Sunday, December 18, 2011

The Value of you

The value of you


A recent news article about a 23yr old south african caught in Thailand for trying to smuggle in drugs had me ruffled.  Not only because it was just the previous day that a South african had been executed for the same thing in china, but because this time around, I knew the girl... I know the girl very well. I've spent the last few days since hearing the news trying to figure out why Babsie would do something so careless? Could she really have been arrogant enough to think she would get away with such a serious crime? This is not walking into a shop and stealing lipgloss or underwear, this is applying for a passport, lying to your family, boarding a plane to a foreign country, getting your hair braided and stuffed with narcotics, boarding another plane to another country, and hoping to drop the drugs off and return home Scott free! This is stuff that blockbuster movies are made off! What made her think she would pull it off?


I also think about the payment that was made to her prior the trip - R20 000 - and the amount she was looking forward to on her return -R16 000. A lousy R36 000!! Is that what it came down to? Now when you're a young unemployed, bored twenty something, 36K seems like a lot of money, it is. But when you're a young twenty something stuck in a dark cell in Bangkok where you don't understand a thing and your life is pretty much chopped and screwed, R36K is just not worth the trouble.

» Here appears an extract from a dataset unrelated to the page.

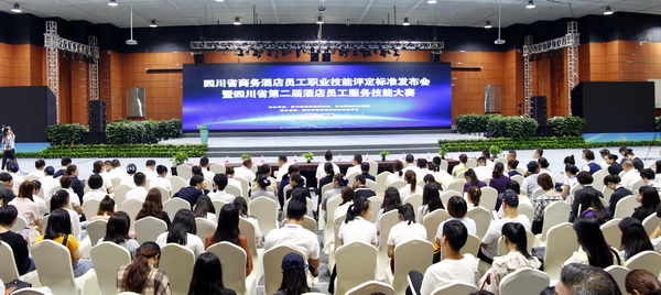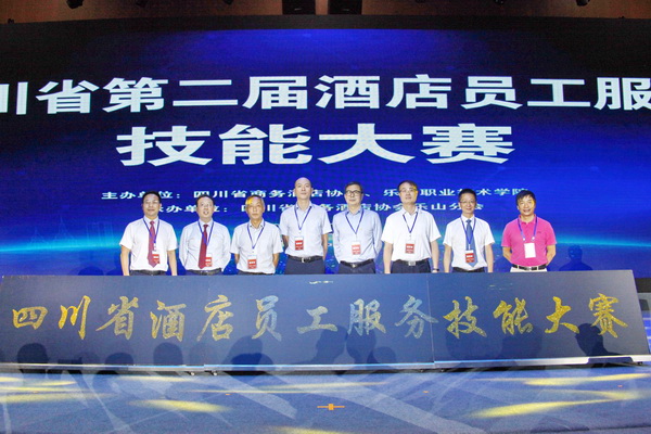 9月8日,在第五届中国(四川)国际旅游投资大会和第六届四川国际旅游交易博览会在乐山召开之际,由四川省商务酒店协会、乐山职业技术学院举办的《四川省商务酒店员工职业技能评定标准》发布会暨第二届四川省酒店服务技能大赛开幕式在四川省国际旅游交易博览中心顺利开幕。乐山市政府副秘书长耿强,四川省民政厅社会组织管理局副局长廖亮、四川省民营经济工作领导小组综合处主任沈彦、四川省商务酒店协会会长张宏图,乐山市商务局副局长唐国臣,学院党委书记蹇路、院长刘忠以及乐山市教育局、乐山市文化广播电视和旅游局,四川酒店职教联盟会员单位代表出席。发布会和开幕式由学院院长刘忠主持。
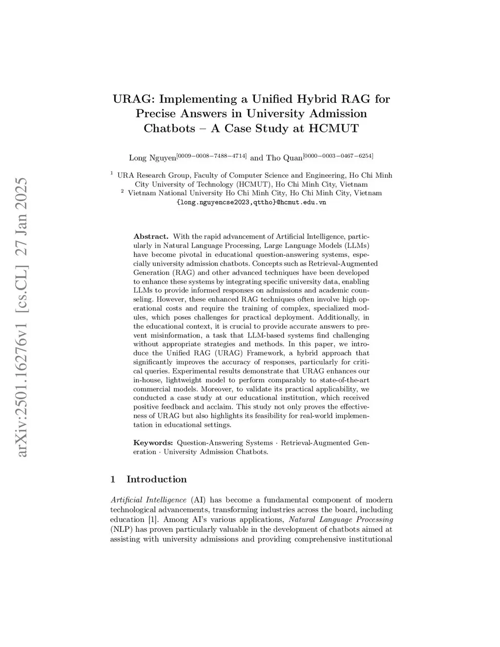 URAG: Implementing a Unified Hybrid RAG for Precise Answers in University Admission Chatbots -- A Case Study at HCMUT

This brings me back to the title of this blog - The value of you - have we lost our value as young women? Whether it be in friendships, relationships or personal endeavors, have we forgotten our worth? What I know is that love is when you put others needs before your own, but what good is such love if you are always crying and questioning? How are we to help others if we can't help ourselves? This reminds me of the number one safety rule on an airplane, you need to ensure your oxygen mask is on, before attempting to assist others.  In my culture, parents are always showing off their children's achievements, that's what makes them feel like they have done well as abazali.  My father always reminds me that no matter where I am or what I'm doing, I am a representation of him at all times. Our parents work hard to avail us with the opportunities we've had, to throw that back at them by doing something we know for sure could harm us and therefore harm them, is plain selfish.


I keep thinking about the chats we used to have with Babsie, about the successes we wanted to make of life and how important it was to make our parents proud. I'll probably never get to remind her of that. Her mother will probably never get to tell her that she loves her and wants only the best for her. My friends life will never be hers again simply because for a split while, she traded the value of her 23  years of life for R36 000.